__TASK BRIEF__. Nothing but the lines from the one with "Dress features a" through the end of the records may appear in the answer, each reproduced exactly, pictures omitted.

Top of DATA

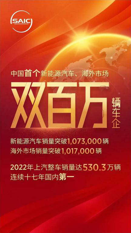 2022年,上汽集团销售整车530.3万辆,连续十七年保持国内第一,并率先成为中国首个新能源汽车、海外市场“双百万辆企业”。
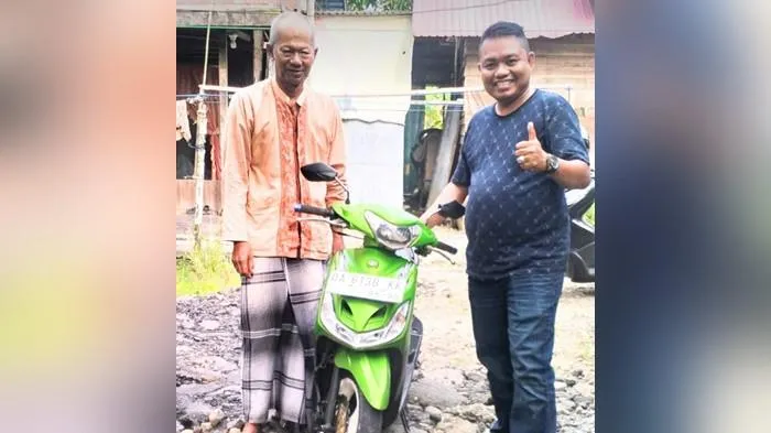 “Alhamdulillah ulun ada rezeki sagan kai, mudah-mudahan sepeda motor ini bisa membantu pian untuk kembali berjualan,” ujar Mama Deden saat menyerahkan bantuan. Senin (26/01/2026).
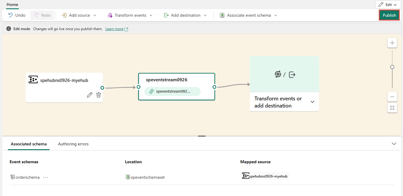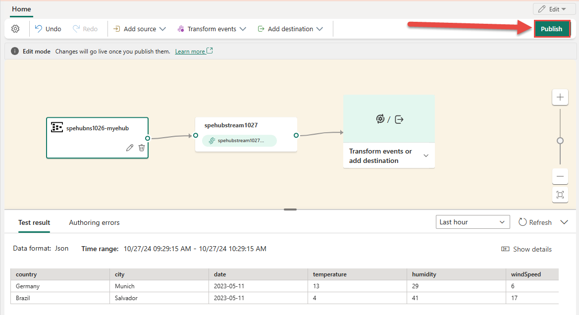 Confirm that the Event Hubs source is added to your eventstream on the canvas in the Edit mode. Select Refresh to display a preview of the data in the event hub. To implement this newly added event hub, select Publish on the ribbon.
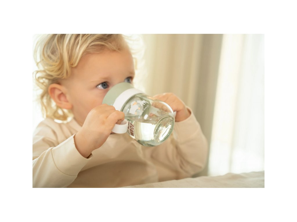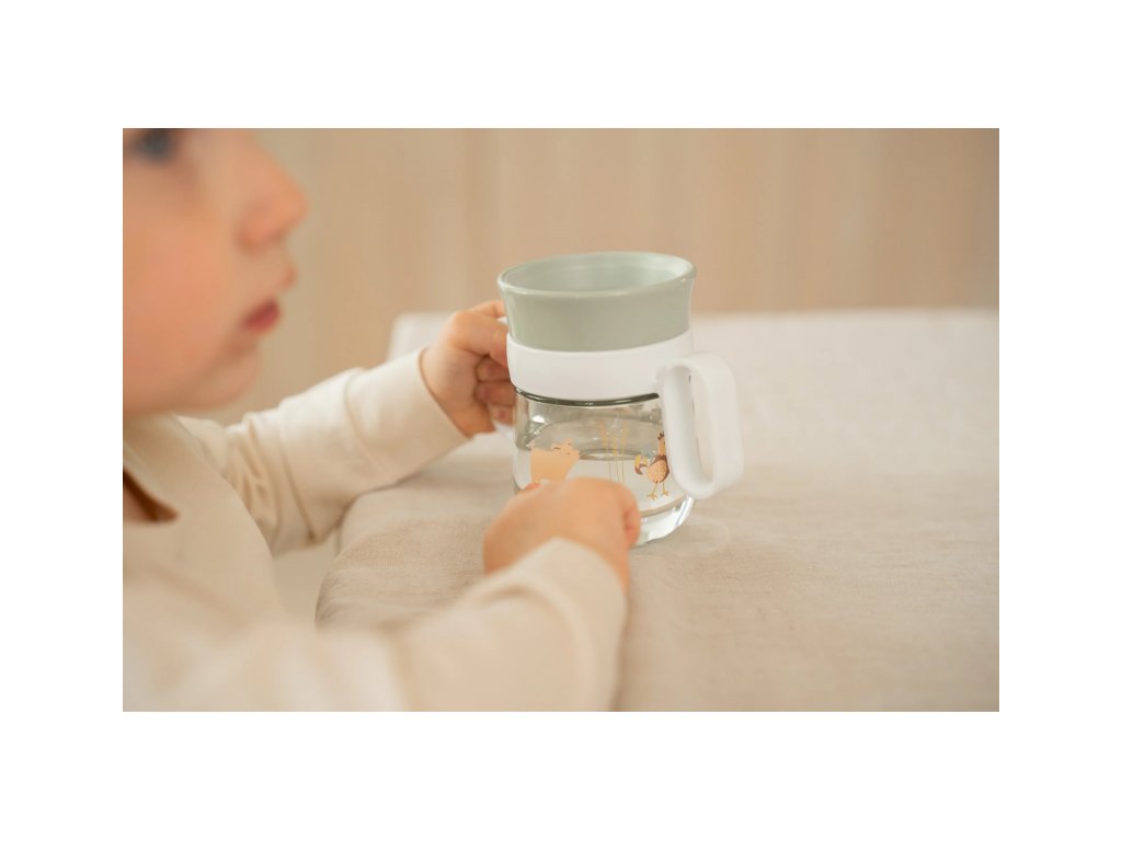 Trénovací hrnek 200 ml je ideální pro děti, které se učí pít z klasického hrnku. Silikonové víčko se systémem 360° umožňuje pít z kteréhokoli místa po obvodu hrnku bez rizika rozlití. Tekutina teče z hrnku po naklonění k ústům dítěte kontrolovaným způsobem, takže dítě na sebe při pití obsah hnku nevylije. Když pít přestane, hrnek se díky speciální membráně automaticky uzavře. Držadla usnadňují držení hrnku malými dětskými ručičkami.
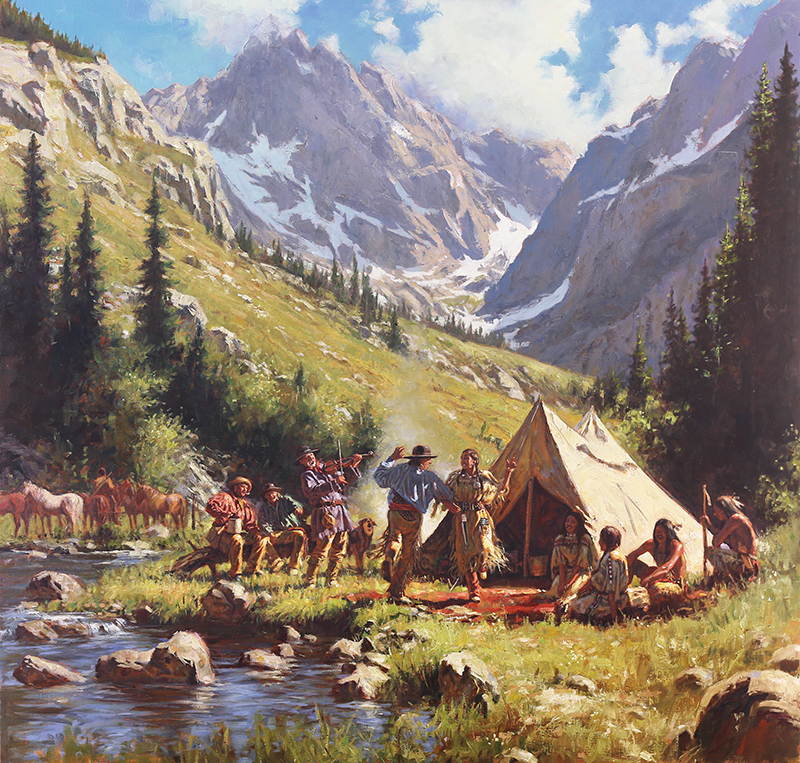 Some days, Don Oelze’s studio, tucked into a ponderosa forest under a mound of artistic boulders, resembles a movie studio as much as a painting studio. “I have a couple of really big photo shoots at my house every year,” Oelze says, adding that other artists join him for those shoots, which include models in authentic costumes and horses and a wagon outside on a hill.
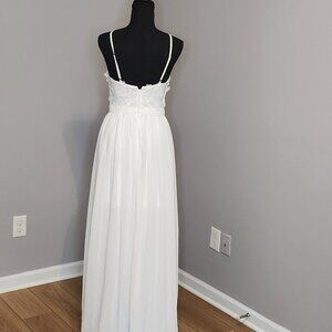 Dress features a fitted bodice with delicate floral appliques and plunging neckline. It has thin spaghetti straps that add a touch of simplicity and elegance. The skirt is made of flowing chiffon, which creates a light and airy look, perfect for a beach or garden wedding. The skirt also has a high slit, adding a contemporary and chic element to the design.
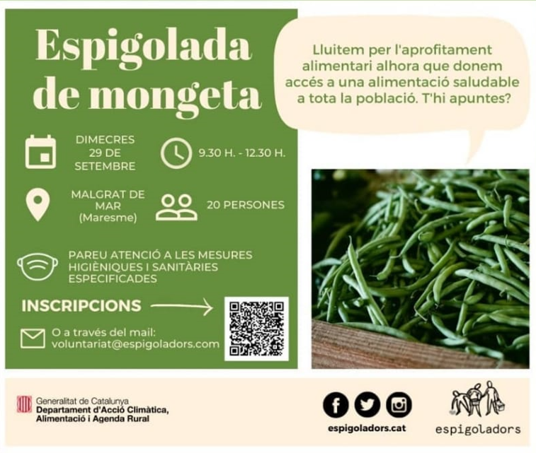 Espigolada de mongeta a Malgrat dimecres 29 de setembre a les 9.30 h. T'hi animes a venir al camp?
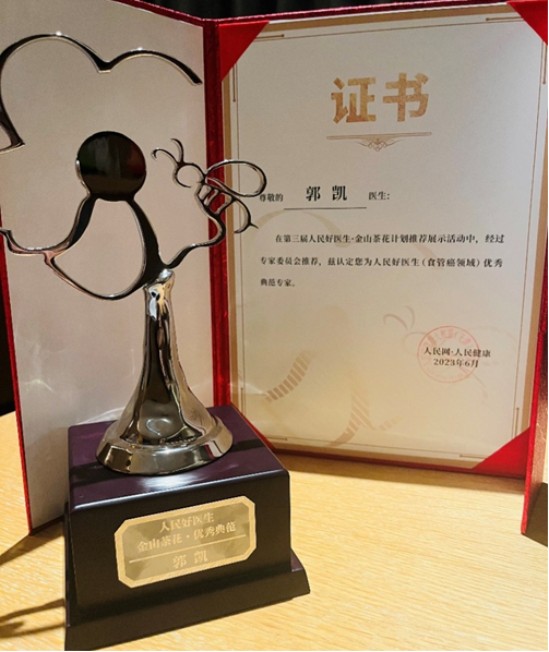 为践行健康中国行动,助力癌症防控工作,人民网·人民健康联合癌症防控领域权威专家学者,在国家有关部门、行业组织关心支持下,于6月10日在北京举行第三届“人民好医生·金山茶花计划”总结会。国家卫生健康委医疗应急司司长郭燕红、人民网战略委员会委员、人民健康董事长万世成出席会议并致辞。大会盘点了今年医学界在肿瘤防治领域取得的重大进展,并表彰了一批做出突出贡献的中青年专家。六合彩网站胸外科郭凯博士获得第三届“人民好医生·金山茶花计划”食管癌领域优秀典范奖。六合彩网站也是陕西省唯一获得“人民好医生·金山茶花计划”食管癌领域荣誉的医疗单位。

Bottom of DATA

__SOLUTION TO THIS PROBLEM__.
 Dress features a fitted bodice with delicate floral appliques and plunging neckline. It has thin spaghetti straps that add a touch of simplicity and elegance. The skirt is made of flowing chiffon, which creates a light and airy look, perfect for a beach or garden wedding. The skirt also has a high slit, adding a contemporary and chic element to the design.
 Espigolada de mongeta a Malgrat dimecres 29 de setembre a les 9.30 h. T'hi animes a venir al camp?
 为践行健康中国行动,助力癌症防控工作,人民网·人民健康联合癌症防控领域权威专家学者,在国家有关部门、行业组织关心支持下,于6月10日在北京举行第三届“人民好医生·金山茶花计划”总结会。国家卫生健康委医疗应急司司长郭燕红、人民网战略委员会委员、人民健康董事长万世成出席会议并致辞。大会盘点了今年医学界在肿瘤防治领域取得的重大进展,并表彰了一批做出突出贡献的中青年专家。六合彩网站胸外科郭凯博士获得第三届“人民好医生·金山茶花计划”食管癌领域优秀典范奖。六合彩网站也是陕西省唯一获得“人民好医生·金山茶花计划”食管癌领域荣誉的医疗单位。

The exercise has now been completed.